Inspecting your final drive motor is relatively simple, requiring little mechanical help from external tools to get the job done.
Follow these steps to inspect your Final Drive Motor Gear Oil:
- Locate the gearbox typically found on the front sides of your excavator tracks.
- Locate the three plugs you’ll find plugs at the 12,3 and 6 o’clock positions on the chamber cap.
To inspect the quality of your gear oil simply remove the 3 o’clock plug. Be sure to remove the plug slowly as there may be some pressure built up in the chamber. Slowly remove the plug to gradually depressurize.
You will notice some oil leaking out of the area and be sure to take note of the color and consistency of the oil. If the oil is solid black it's time to take action for an oil change. This color of the final drive oil indicates a lot of oxidation and pollution of soot and outside debris.
#2. Operating an Excavator With Broken Final Drive Motor
A good way to avoid any immediate and future mechanical issues to your excavator is to ensure that you are not operating the vehicle with a broken final drive motor to begin with. The first area of damage will be to your hydraulic system and its components fluid will be unable to lubricate the necessary parts along with an inability to filter out any radicals entering directly into your moving systems. Loud or clunky noises that are noticed to be abnormal coming from your tracks could be an indication of a faulty final drive motor.

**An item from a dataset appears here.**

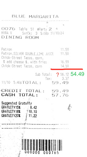 Read moreIf we didn't get a great service I would of gave the blue margarita a 1 star. Kudos to you waiter for providing such a pleasant experience last night. Here's what I felt flawed my experience at the blue margarita, so just like any other Mexican restaurant you start off with the classic chips and salsa which is always a greatly received tradition but the salsa almost tasted Italian Oregano and basil must of been in the blend ; an unpleasant surprise to my palette but I wasn't going to let something so minor base my opinion on the rest of meal. I look at the menu and notice the prices are higher than I'm use to for Mexican food. I ordered a burrito, it sounded simple enough and hopefully would be an awesome choice(I was wrong) also for a 1.50 more you can get cheese on your burrito so I added it. the protein choices were ground beef, chunked beef, chicken, or pork I was in the mood for steak, I picked the chunky beef hoping it was steak . we get our plates not long after we order, in the center were 3 skinny rolled up burritos to left was rice and to the right was the beans. I took my first bite and to my surprise the chunky beef was not steak but pot roast. I've never tried stew beef on a burrito before it wasn't so bad but the meat was so juicy it made my tortilla soggy which I didn't want. Not only that but stew beef is a cheaper cut of the cow. For a little bit more they could of used the stir fry meat or the fondue chunks which are also cheap but it's actual steak. The cheese on the burrito was mozzarella, it was thick and stringy and had no place on my plate. Overall disappointed in the food you pay premium price for food that is cheap to make and it tastes like a weird mix of Italian and Mexican. We had a great server last night and I really...

#3. Neglecting Final Drive Motor Leaks
One way to ensure that you spend lots of time and money before your excavator runs effectively is to ignore any leaks, especially the leaks happening from your final drive gearbox. Leaks typically can be noticed behind the gearbox and from the appearance of fluid dripping down onto your excavator's tracks. This can be a serious issue and should be resolved immediately or as soon as possible to prevent catastrophic system failure to your excavator.
#4 Neglecting System Faulty Noise Cues
Being unaware of strange sounds -- Make sure you're always paying attention to how your machine actually sounds. You should be able to identify whenever your equipment is making new noises. Whether it's a strange screeching sound or you hear some extra vibration, there could be all kinds of underlying issues. So pay attention and have new sounds inspected right away.
Every operator should keep in mind specifically how your excavator sounds when it's fully and completely functional. Putting any abnormal audio cues from your excavators in the backseat of priorities is an extremely bad habit as whatever issue that is causing the loud and abstract noises from your machine signifies that the issue will only worsen over time. We know that it would be a miracle if your machine could somehow fix itself after a few days of sounding a little under the weather however this is not the case in any mechanical issue situation.
Inspect your excavator to find the source of the issue immediately as this sound could be a result of loose or fallen parts and un-lubricated moving components that can cause severe wear and tear to your excavator's systems.
- Locate the area where the sound is coming from.
- Remove any coverings from the area as much as possible to rid of any obstacles between you and the mechanical issue.
- Conduct a full inspection making sure that all components are in their proper positions and there is no outside debris infiltrating the internal network of your excavator's systems.
- If you need any further assistance to pinpoint the issue consult the operator manual for your specific kind of excavator to paint a better picture of how everything should look and work.
By keeping a frequent and effective excavator inspection schedule you can effectively minimize any mechanical issue that may arise in the future just from sheer preparation. Follow the tips and tricks above to make sure you are properly conducting inspections and increasing your excavator's longevity.